Generation of Gsdma KO mice

We used the ploxFNFDT vector containing the floxed PGK-Neo-poly-A cassette, PGK-DTA-poly-A cassette, and two loxP sites that would enable global deletion of the Gsdma cluster genes in a future study. To construct the targeting vector, a 5.5-kb long arm containing exon 4–8, a 2.8-kb short arm composed of three DNA fragments containing exon 1–3 cloned from BAC RP23-395E DNA, and a LacZ-poly-A fragment were cloned from pCMV SPORT-βgal (Invitrogen Japan, Tokyo, Japan) by polymerase chain reaction (PCR). These DNA fragments were subcloned into the ploxFNFDT vector. To trace the expression of the Gsdma gene, the LacZ-poly-A fragment was inserted at the start codon in exon 2. This insertion disrupts the expression of the endogenous Gsdma gene but allows the expression of the LacZ gene controlled by the intact promoter activity of Gsdma. The targeting vector was linearized with I-Sce I and electroporated into TT2 embryonic stem (ES) cells, which are derived from a (B6 × CBA/J)F1 mouse (Yagi et al. 1993). G418-resistant ES cell clones were selected for homologous recombination by PCR and Southern blot analysis. Positive clones were aggregated with eight-cell embryos from ICR mice and transplanted into surrogate females. Male chimeras were mated with B6 females.
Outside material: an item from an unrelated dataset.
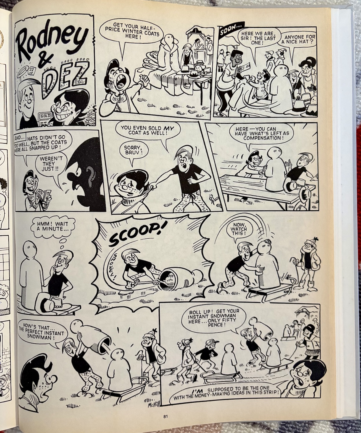 He’s a lovable rogue, a phrase which could be used to describe certain brothers in a BBC sitcom that starred David Jason and Nicholas Lyndhurst, characters that were definitely not inspiration for the next strip. Nope, not at all. Actually, I think the word “inspiration” is being rather kind and that’s why it stood out. A Buster original drawn by Gordon Hill, Rodney and Dez lasted only one year in the comic around the time of this annual’s release.
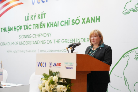 Cụ thể, Cơ quan Phát triển quốc tế Hoa Kỳ (USAID), Phòng Thương mại và Công nghiệp Việt Nam (VCCI) và Công ty TNHH Nước giải khát Suntory Pepsico Việt Nam (SPVB) ký biên bản ghi nhớ thực hiện hợp tác triển khai Chỉ số Xanh nhằm giúp các doanh nghiệp xác định địa bàn đầu tư có sự quan tâm và tạo điều kiện cho các hoạt động đầu tư và kinh doanh “xanh” vào ngày 23/11.

Germline transmission of the targeting allele was confirmed by Southern blot analysis and PCR using the primer pairs: P1, 5′-AAATGGAGGGTGCAAACAAG-3′; and P2, 5′-GGGTCGTCAAGACCTGGTAA-3′. A digoxigenin-labeled probe for Southern blot analysis was synthesized by PCR using the primer pairs: F, 5′-GGATTGTGGTGGTAACGGTAG-3′; and R, 5′-CAGGACATCTTTGGGGAGTGC-3′. Signal was detected using alkaline phosphatase−conjugated antidigoxigenin antibody and CDP Star according to the manufacturer’s protocol (Roche Diagnostics Japan, Tokyo, Japan). Heterozygous mice were maintained by repeating backcrosses onto B6. We analyzed KO mice at N5 generations.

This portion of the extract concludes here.